INSTRUCTIONS TO FOLLOW: Every line of the listing below should be written out exactly, minus its images.

GIVEN ENTRIES:
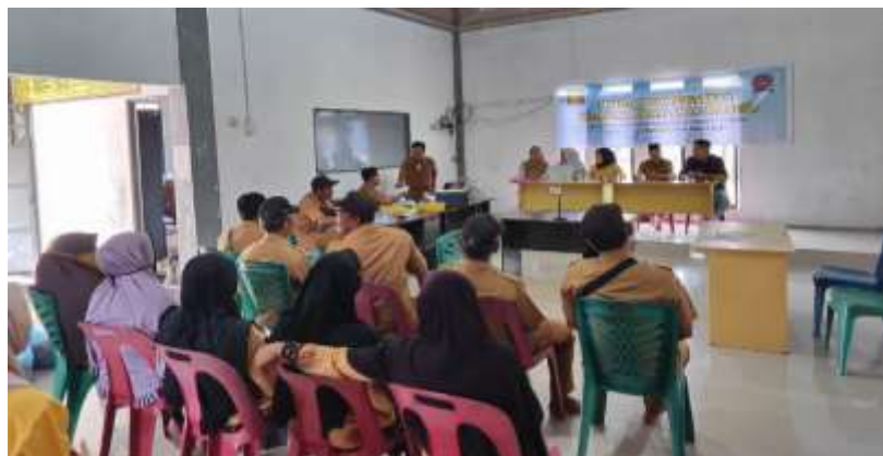
Gambar 3. Pelaksanaan Kegiatan

Peningkatan keterampilan dan pengetahuan masyarakat tersebut merupakan modal penting untuk meningkatkan perekonomian masyarakat desa dengan keterampilan dan pengetahuan yang dimiliki, masyarakat dapat menghasilkan produk dan jasa yang berkualitas sehingga dapat bersaing di pasar. Salah satu yang bisa dilakukan dalam kegiatan pengabdian Kepada Masyarakat yang bertema 'Peningkatan Kualitas SDM dan Perekonomian Masyarakat Melalui Pendidikan Berbasis Ekonomi Lokal, dengan memberikan sosialisasi dan pendampingan melalui ilmu pengetahuan dalam bidang akademik seperti memberikan pemahaman dan penguasaan soft skill untuk peningkatan kualitas sumber daya manusia. Hasil dari kegiatan ini menyimpulkan bahwa kegiatan ini sangat membantu peserta dalam peningkatan pemahaman dan kesadaran mereka dalam peningkatan soft skill dalam bidang pendidikan demi keberlangsungan hidup dan meningkatkan perekonomian masyarakat desa.
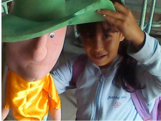
Abril de 2010. Estudiante interactuando con títere.
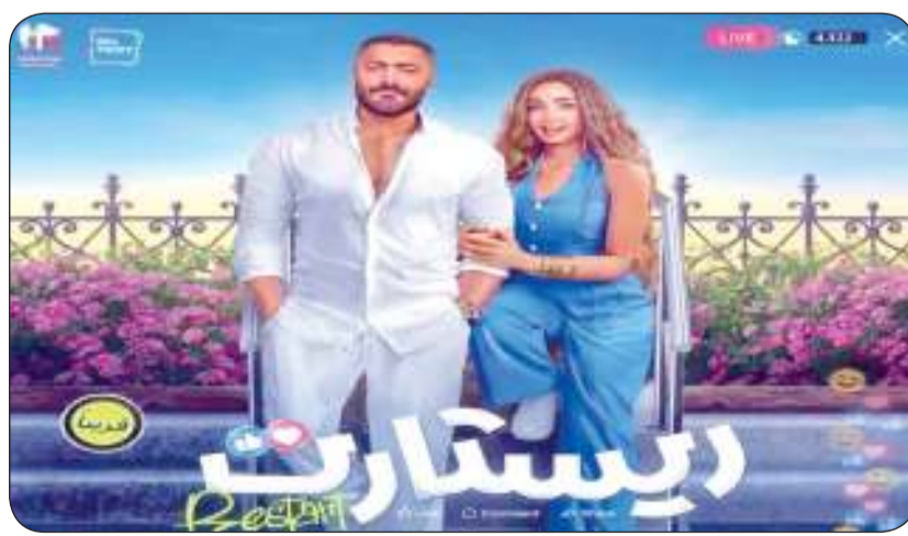
■ بوستر ريستارت
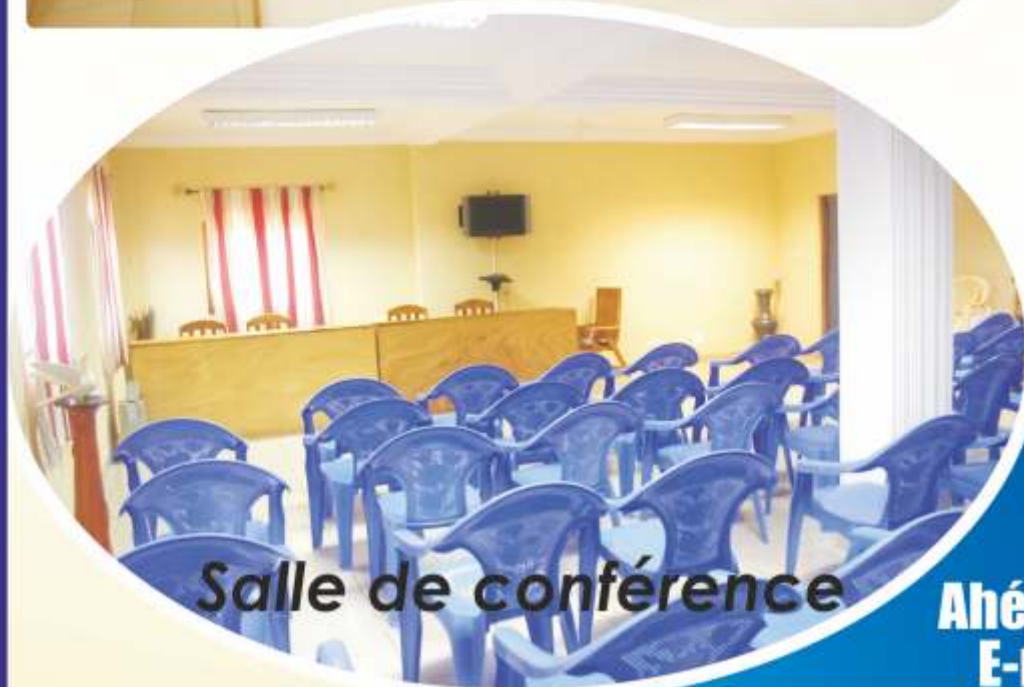
Salle de conférence
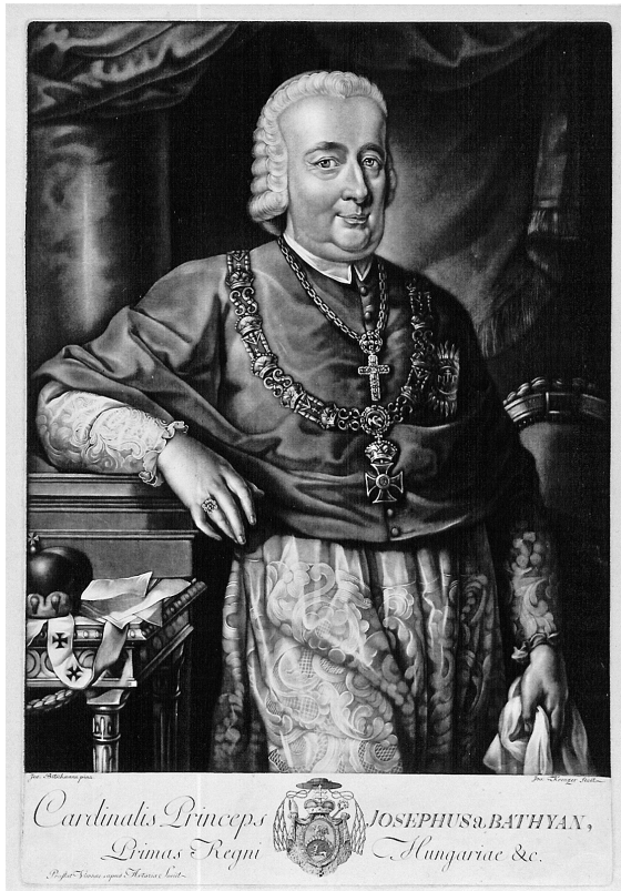
Abb. 1: Joseph Pitschmann – Joseph Kreuzer, Kardinal Joseph Batthyány, Primas von Ungarn, Mezzotinto, nach 1780, Galéria mesta Bratislavy.

ihm vorgelegt werden müssen um seine Bewilligung zur öffentlichen Publizierung zu erlangen. 16
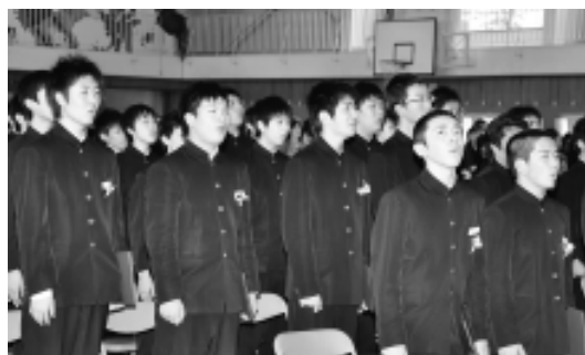
大鰐中学校卒業式(平成23年3月9日)

3月11日午後2時46分、国内観測史上最大の 激震が宮城県沖で発生 宮城、岩手、福島、茨城 青森などの太平洋側沿岸部地域を 津波が襲った 死者は本県3人を含め 万人単位に及ぶだろうとも報じられた
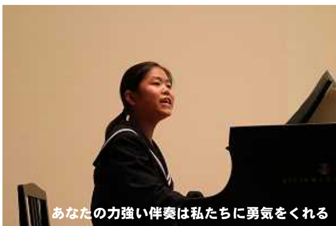
あなたの力強い伴奏は私たちに勇気を与える
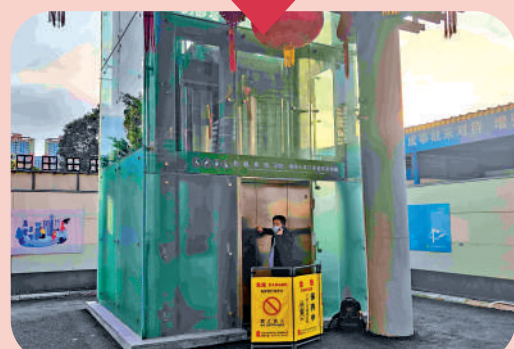
▲旅客必須經過人行天橋才能換乘交通工具，但天橋一側電梯停用。
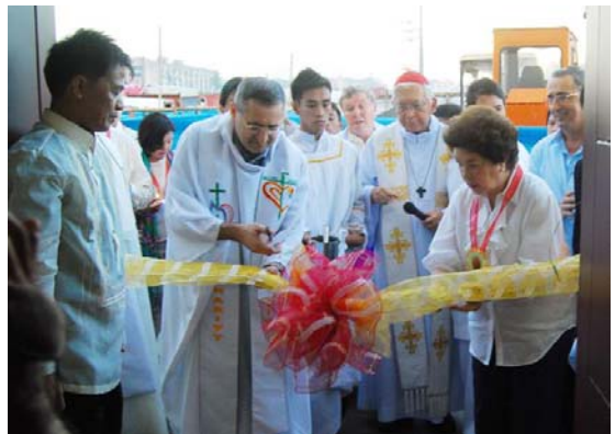
Il Padre Generale, con il Cardinale Gaudenzio Rosales al taglio del nastro per l'inaugurazione del centro giovanile

parrocchia di San Paolo Apostolo nel potere avere finalmente un posto sano e sicuro per incontrarsi, crescere nell'amicizia e rispetto. Un posto dove si cercherà di formare in modo integrale questa nuova generazione che fino adesso ha avuto poco dalla vita. Ci sarà non solo formazione umana e spirituale, ma anche culturale e sportiva, professionale ed intellettuale.

REPLY TO THE TASK:
Gambar 3. Pelaksanaan Kegiatan

Peningkatan keterampilan dan pengetahuan masyarakat tersebut merupakan modal penting untuk meningkatkan perekonomian masyarakat desa dengan keterampilan dan pengetahuan yang dimiliki, masyarakat dapat menghasilkan produk dan jasa yang berkualitas sehingga dapat bersaing di pasar. Salah satu yang bisa dilakukan dalam kegiatan pengabdian Kepada Masyarakat yang bertema 'Peningkatan Kualitas SDM dan Perekonomian Masyarakat Melalui Pendidikan Berbasis Ekonomi Lokal, dengan memberikan sosialisasi dan pendampingan melalui ilmu pengetahuan dalam bidang akademik seperti memberikan pemahaman dan penguasaan soft skill untuk peningkatan kualitas sumber daya manusia. Hasil dari kegiatan ini menyimpulkan bahwa kegiatan ini sangat membantu peserta dalam peningkatan pemahaman dan kesadaran mereka dalam peningkatan soft skill dalam bidang pendidikan demi keberlangsungan hidup dan meningkatkan perekonomian masyarakat desa.
Abril de 2010. Estudiante interactuando con títere.
■ بوستر ريستارت
Salle de conférence
Abb. 1: Joseph Pitschmann – Joseph Kreuzer, Kardinal Joseph Batthyány, Primas von Ungarn, Mezzotinto, nach 1780, Galéria mesta Bratislavy.

ihm vorgelegt werden müssen um seine Bewilligung zur öffentlichen Publizierung zu erlangen. 16
大鰐中学校卒業式(平成23年3月9日)

3月11日午後2時46分、国内観測史上最大の 激震が宮城県沖で発生 宮城、岩手、福島、茨城 青森などの太平洋側沿岸部地域を 津波が襲った 死者は本県3人を含め 万人単位に及ぶだろうとも報じられた
あなたの力強い伴奏は私たちに勇気を与える
▲旅客必須經過人行天橋才能換乘交通工具，但天橋一側電梯停用。
Il Padre Generale, con il Cardinale Gaudenzio Rosales al taglio del nastro per l'inaugurazione del centro giovanile

parrocchia di San Paolo Apostolo nel potere avere finalmente un posto sano e sicuro per incontrarsi, crescere nell'amicizia e rispetto. Un posto dove si cercherà di formare in modo integrale questa nuova generazione che fino adesso ha avuto poco dalla vita. Ci sarà non solo formazione umana e spirituale, ma anche culturale e sportiva, professionale ed intellettuale.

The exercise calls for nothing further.